Past Exhibits

 The Kansas Heritage of President Barack Obama
As our 44th President, and the nation’s first African American President, leaves office, The Kansas African American Museum (TKAAM) presents an exhibition that reflects on the influence of his deep Kansas roots and on the Midwestern values of his mother and grandparents, who raised him. The oil industry brought two of his great grandfathers, Rolla Charles Payne and Harry Ellington Armour, to Kansas. One settled in Augusta, the other in El Dorado. Obama’s grandfather, Stanley or “Gramps,” was born in Wichita, as was his mother, Stanley Ann. This Kansas setting for his story is as unlikely as it is perfect. It’s a story of a literally African and American child being raised by white parents from a nearly homogenous Kansas. The Sunflower state proudly entered the union as a “Free State,” but has long wrestled with a complicated racial history that included riots, lynching, and segregation. Those complexities, hate and hope, emerged in his presidency.

Beauty Wit & Satire

 The term “folk-art” is a catch-all phrase referring to imagery and objects made independently of the academic conventions and formal art institutions of Western culture.   This new form was particularly relevant to African American artists who saw folk-art as an essential part of their heritage. TKAAM’s exhibition, Beauty, Wit and Satire, incorporates objects that range from sophisticated decorative inventions to personal expressions of humor. We invite you to enjoy this local art treasure.

April to October 2016

Kansas boasts tie to some of America’s greatest athletes, from Super Bowl champions, to NBA champions, to a heavy weight boxing champion and more. 

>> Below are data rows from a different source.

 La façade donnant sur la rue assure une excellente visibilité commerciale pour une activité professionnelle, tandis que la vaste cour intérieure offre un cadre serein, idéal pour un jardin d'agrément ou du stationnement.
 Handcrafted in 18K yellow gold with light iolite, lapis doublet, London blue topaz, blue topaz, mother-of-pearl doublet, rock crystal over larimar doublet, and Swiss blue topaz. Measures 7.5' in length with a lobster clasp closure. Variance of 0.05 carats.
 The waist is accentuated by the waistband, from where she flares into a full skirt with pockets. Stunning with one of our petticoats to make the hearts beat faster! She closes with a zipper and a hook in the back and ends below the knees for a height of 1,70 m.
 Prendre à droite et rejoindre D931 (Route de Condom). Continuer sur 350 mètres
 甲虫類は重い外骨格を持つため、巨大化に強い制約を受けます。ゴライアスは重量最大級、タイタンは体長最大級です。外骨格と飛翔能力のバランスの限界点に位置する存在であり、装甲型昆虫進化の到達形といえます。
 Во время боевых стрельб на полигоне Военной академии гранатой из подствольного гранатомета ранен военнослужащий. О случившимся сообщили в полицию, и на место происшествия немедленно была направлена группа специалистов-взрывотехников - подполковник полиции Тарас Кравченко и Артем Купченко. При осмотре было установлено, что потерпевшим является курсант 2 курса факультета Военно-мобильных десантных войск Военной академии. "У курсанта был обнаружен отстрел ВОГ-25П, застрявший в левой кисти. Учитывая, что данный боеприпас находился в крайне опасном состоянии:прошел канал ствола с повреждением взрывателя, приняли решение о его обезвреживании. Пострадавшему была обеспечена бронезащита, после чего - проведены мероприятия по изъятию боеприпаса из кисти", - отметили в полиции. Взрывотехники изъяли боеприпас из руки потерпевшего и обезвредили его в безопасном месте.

January 9 through April 23, 2016

IN WINTER 2016, three Wichita museums partner with simultaneous exhibitions devoted to Gordon Parks, a Kansas native and one of the most celebrated African American artists of his time. Parks (1912–2006) was a groundbreaking American photographer, musician, poet, novelist, journalist, activist, and film director.

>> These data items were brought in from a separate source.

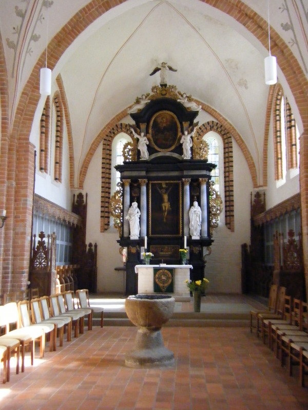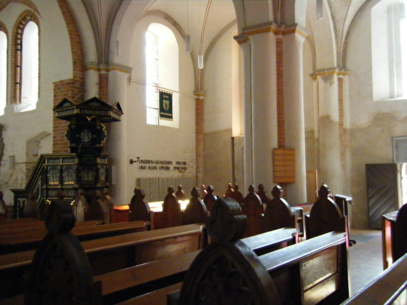 ロストックの聖ペトリ教会も煌びやか!という感じの教会ではないんだけれど、こちらのほうがもっともっと、落ち着いている。ステンドグラスも最小限だし、絵画も、正面の磔刑像以外は見当たらなかった。
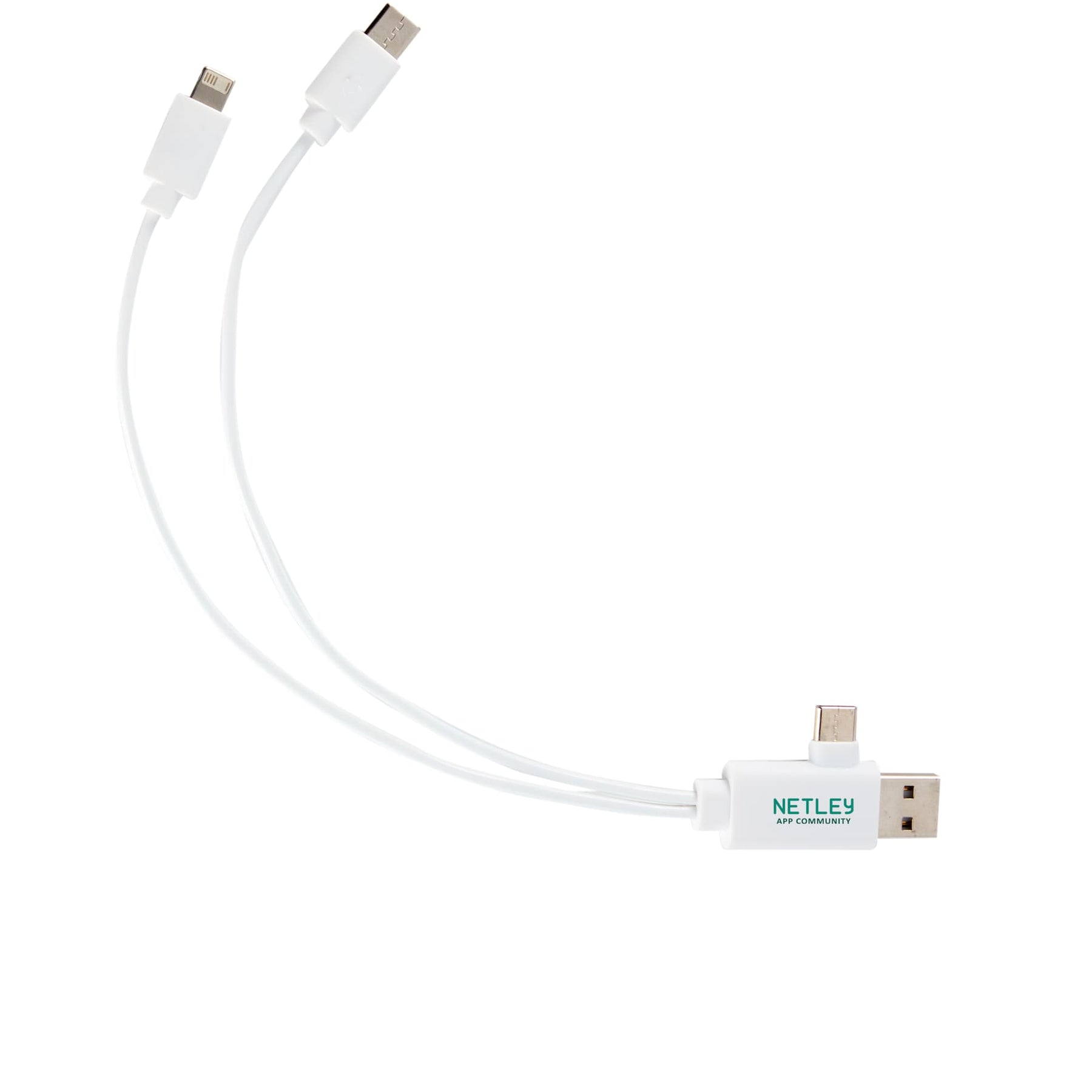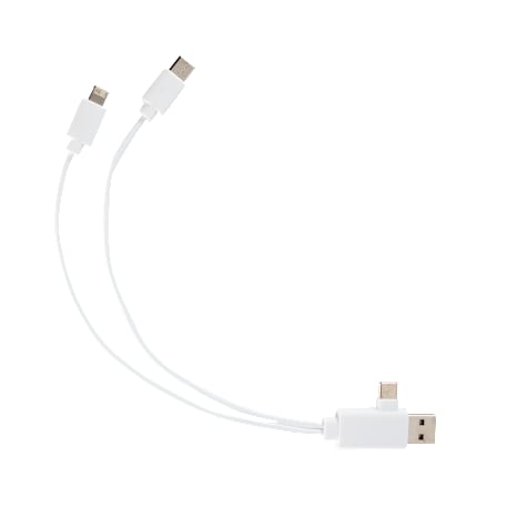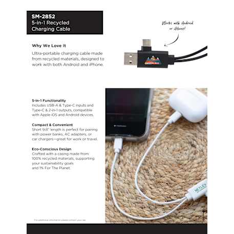 The 5-in-1 Recycled Charging Cable features 9.8-inch long, with a USB Type-A input tip and a USB Type-C input tip at one side, and the other side contains one cable with a Type-C output tip and the other cable with a two-in-one dual compatible tip for both Apple iOS and Android devices (up to 5V/2A, 10W charging speed). It features casing crafted from 100% recycled materials. It is recommended to use an AC adapter, power bank or car charger to charge devices, instead of using outputs from laptop or computer as power source..
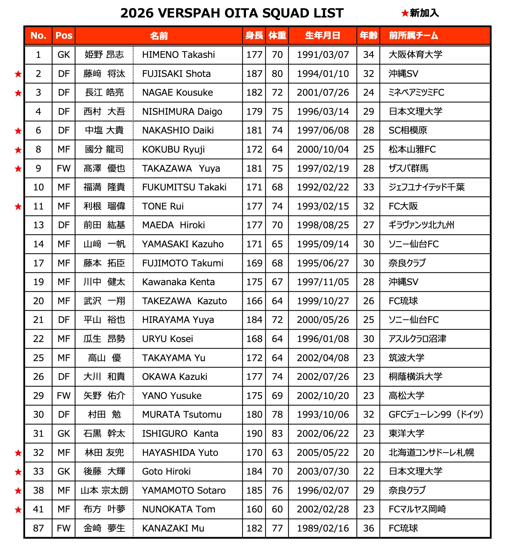 2026シーズンのヴェルスパ大分トップチーム新体制および背番号が決定致しましたので、お知らせいたします。
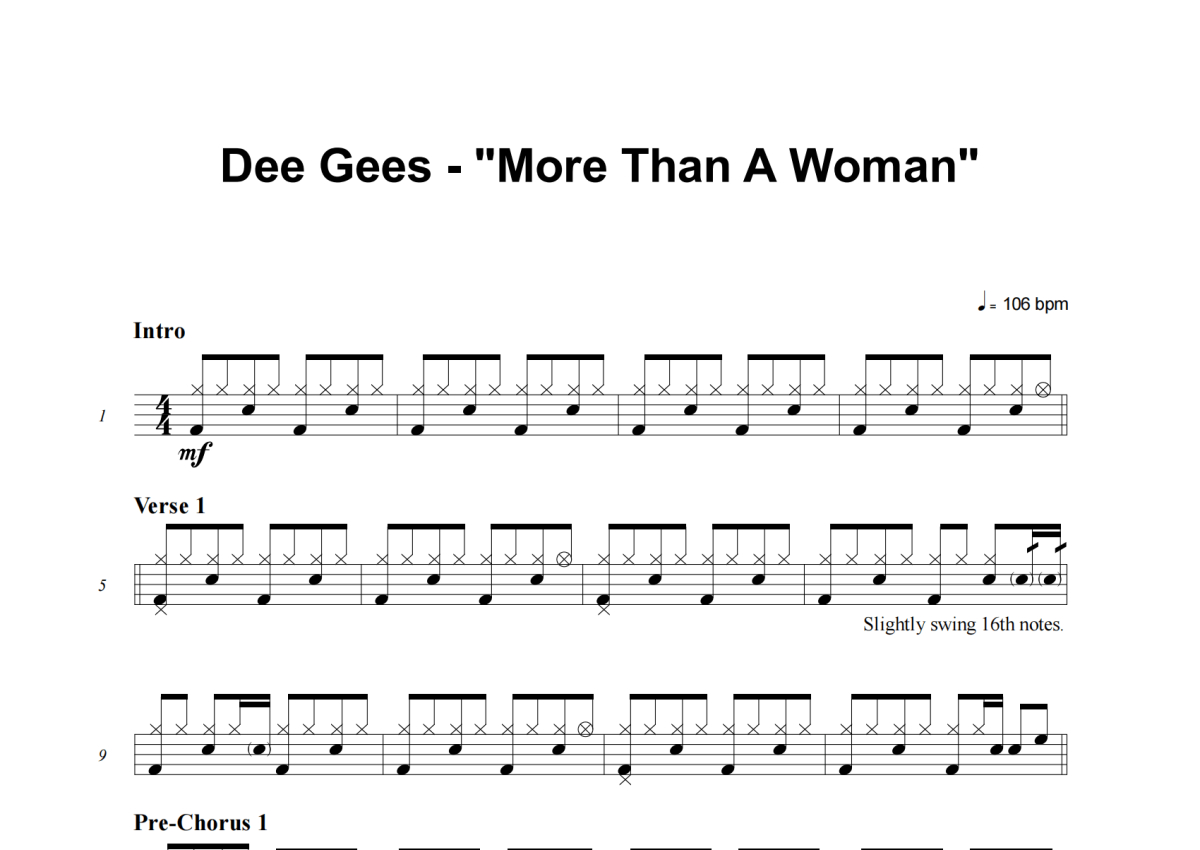 《More Than A Woman》是Foo Fighters演唱的一首歌曲,这份架子鼓谱共有三张高清图谱,图谱由 @老虎不说谎 编配上传,图谱使用五线谱编配,使用这份More Than A Woman架子鼓谱,你将能够轻松地敲打出这首Foo Fighters的More Than A Woman,快来尝试吧。
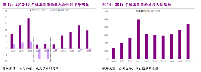 在白酒调整时期经销商层面的反应会更加迅速和明显,以经销白酒为主业的港股上市公司银基集团的财务数据为例,2012-2015年白酒调整期公司利润表中收入体量快速下降并同时出现了大幅的亏损,资产负债表中的库存也出现了快速上升。

He worked from 1948 to 1972 as a staff photographer at Life magazine, the most influential magazine of the era. Later, he continued to work with Life on contract, as his film and writing projects flourished. He was the first African American photographer hired by this journal and regularly assigned projects exploring the contested race relations of the day. The images and stories he contributed are recognized for the humanizing perspective of African American cultural experience that he brought to mainstream America in the pages of Life

During the 1940s, Gordon Parks worked for the Farm Securities Administration/Office of War Information documenting factory workers, soldiers leaving Union Station and women working at munitions plants. One of his assignments was photographing interracial camps in New York

These rarely seen photographs of black children and white children eating, working and playing together, are a testament to the optimism and hope of youth, unfettered by racial bias and the culture of fear black people experienced in the South and other parts of the country.